Над обрывом каменного карьера мы заползли под кусты колючего терновника и спрятались в тени. Цветущие ветви низко нависли над нашими головами. Полосатые осы, хлопотливые пчелы, жуки, букашки гудели, мелькали, кружились в синем воздухе. С речки доносились женский говор, шлепанье вальков по мокрому белью, гогот гусей.

Васька сидел, обхватив кольцом рук поджатые босые ноги, и, думая о чем-то, смотрел в степную даль, а мы, сомкнувшись кругом, голова к голове, ждали.

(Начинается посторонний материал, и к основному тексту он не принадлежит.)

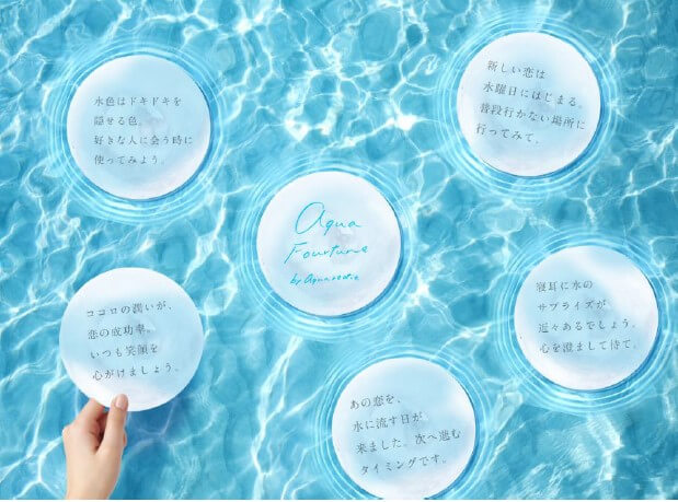 また、店内では必ず何かが当たる「アクアフォーチュン(水みくじ)」が体験可能♪ 水に浸すと運勢が浮かび上がるアクアフォーチュン。浮かび上がる運勢によってもれなくプレゼントが当たります。ラッキーなら「アクアレオティエ」現品がもらえるかも!
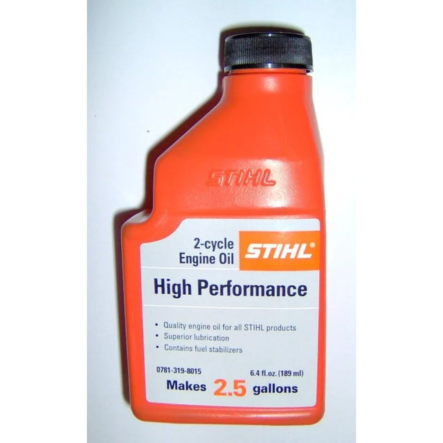 FOR SALE IS ONE (1) NEW BOTTLE OF HIGH PERFORMANCE 2 CYCLE ENGINE OIL 6.4 fluid ounce (makes 2.5 gallons) BY STIHL BRAND MPN 0781-319-8015 UPC# 795711145569. THIS ONE (1) ORANGE BOTTLE OF HIGH PERFORMANCE 2 CYCLE ENGINE OIL MAKES 2 1/2 GALLONS OF MIXED FUEL. STIHL HIGH PERFORMANCE TWO CYCLE ENGINE OIL IS A QUALITY ENGINE OIL FOR ALL STIHL PRODUCT, SPECIALLY SUITED FOR HIGH PERFORMANCE CHAINSAWS AND POWER TOOLS LIKE THE STIHL BR600 LEAF BLOWER. THIS GENUINE STIHL BRAND TWO CYCLE OIL PROVIDES SUPERIOR LUBRICATION AND CONTAINS FUEL STABILIZERS. THIS 6.4 fluid ounce ORANGE BOTTLE WILL MAKE A 2.5 GALLON MIX. STIHL RECOMMENDS A MIX OF 50:1 HIGH QUALITY 89 OCTANE OR HIGHER, UNLEADED (non ethanol) GASOLINE TO STIHL ENGINE OIL. THIS SAME MIX RATIO SHOULD BE USED DURING BREAK IN. YOU WILL RECEIVE ONE (1) BOTTLE OF GENUINE STIHL BRAND HIGH PERFORMANCE 2 CYCLE ENGINE OIL IN 6.4 fluid ounce ORANGE PLASTIC BOTTLE SHIPPED BY USPS FIRST CLASS MAIL.....

Вот он сорвал одуванчик и лег на спину.

— Что же ты, Вась?

— Чего?

— Сказку расскажи.

Васька рассмеялся.

— Царь Овес все сказки унес.

— Правда, Вась, расскажи! — просили ребята.

Васька отбросил одуванчик и сказал:

— Ну ладно, только глядите, сказка страшная. Не будете бояться?

— Нет.

— Илюха, не будешь бояться?

— Я еще пострашней знаю…

— Ну, слушайте и знайте: сказка с начала начинается, концом кончается, а в середине не перебивается. Понятно?

— Понятно.

— Значит, так. В некотором царстве, не знаю, в каком государстве, за горами, за моряки жили-были два брата: один богатый, другой бедный. У богача в доме пир горой, гармошка играет, а у бедного в хате куска хлеба нема, одни мыши бегают. И жил в этом царстве-государстве царь по прозвищу Далдон. Был он дурак дураком, да все-таки царь…

Илюха испуганно посмотрел на Ваську, а тот продолжал:

— Вот раз встречает братьев царь Далдон и спрашивает: «А ну говорите, кто из вас добрей?» Богатый брат выскочил наперед и отвечает: «Царь-государь батюшка, добрее меня человека на свете нет». — «А ты?» спрашивает царь у бедного. «Не знаю», — отвечает тот. «Не знаешь? Тогда я сам узнаю, кто из вас добрее».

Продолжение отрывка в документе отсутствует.